“Buang itu gitar! Atau...” hardik Pak Wirman.
Untung ada Pak Badrudin. Lagi-lagi Pak Badrudin inilah yang menyelamatkan Mudofar. Setelah dijelaskan Pak Badrudin sebagai guru agama, barulah Pak Wirman mau memmahami. Atau lebih tepatnya terpaksa memahami. Soalnya, muka Pak Wirman masih bersungut-sungut. Masih ada sisa-sisa kemarahannya.
“Teruskan ide kamu, Far. Saya setuju dengan apa yang kamu lakukan. Agama tak perlu dianggap menjadi sesuatu yang menakutkan. Agama justru harusnya menjadi tempat yang menyenangkan. Kalau kamu anggap dengan gitar di musola itu membuat anak-anak mau datang ke musola, ya teruskan saja, ya,” kata Pak Badrudin.
“Ya, Pak.”
Tapi sayang. Anak-anak ada yang nakal juga. Imron, anak kelas sembilan satu ternyata merokok di musola. Lebih parahnya lagi. Pas saat Imron merokok, pas pula Pak Wirman melihatnya. Maka senjata baru pasti akan dipergunakan oleh Pak Wirman.
Mudofar hanya pasrah saat mendapat berita Imron merokok di musola sekolah dan ditangkap langsung oleh pak Wirman. Paling-paling dia akan dipecat sebagai ketua Rohis.
Dan betul. Salman yang menyampaikan kalau ketua Rohis sekarang adalah dirinya. Mudofar pun menyingkir. Tak ingin, Mudofar berselisih dengan Salman.

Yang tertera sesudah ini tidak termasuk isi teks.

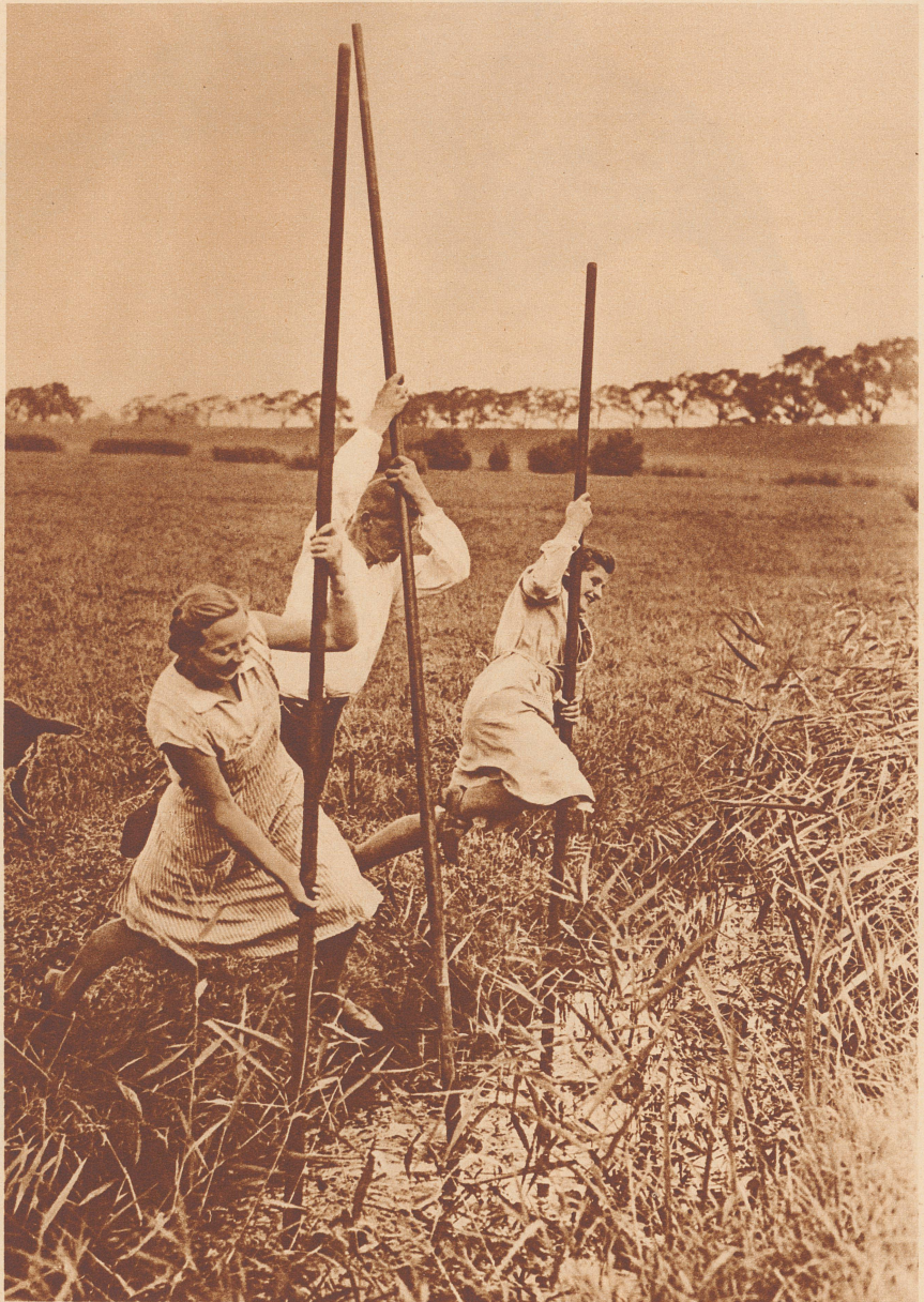
Wenn die Mägde und Bauern nach dem Vieh sehen, das den ganzen Sommer über draußen auf der freien Marsch gras, benutzen sie ebenfalls die langen Stöcke. Mit denen springen sie eins, zwei, drei über die oft ziemlich breiten Wassergräben in Friesland.

Mudofar pun seperti biasa lagi. Hari-harinya dipergunakan untuk membaca buku di perpustakaan. Tiada hari tanpa perpustakaan.
***
Mudofar masih selalu ke musola. Terutama saat salat Zuhur tiba. Tapi sudah berbeda lagi. Musola sekarang sepi lagi. Tak ada anak-anak yang sekadar duduk di musola. Hanya Mudofar sendiri yang salat. Salman pun sepertinya sudah enggan datang ke musola.
“Salat, Far,” tanya Pak Badrudin yang hendak salat juga.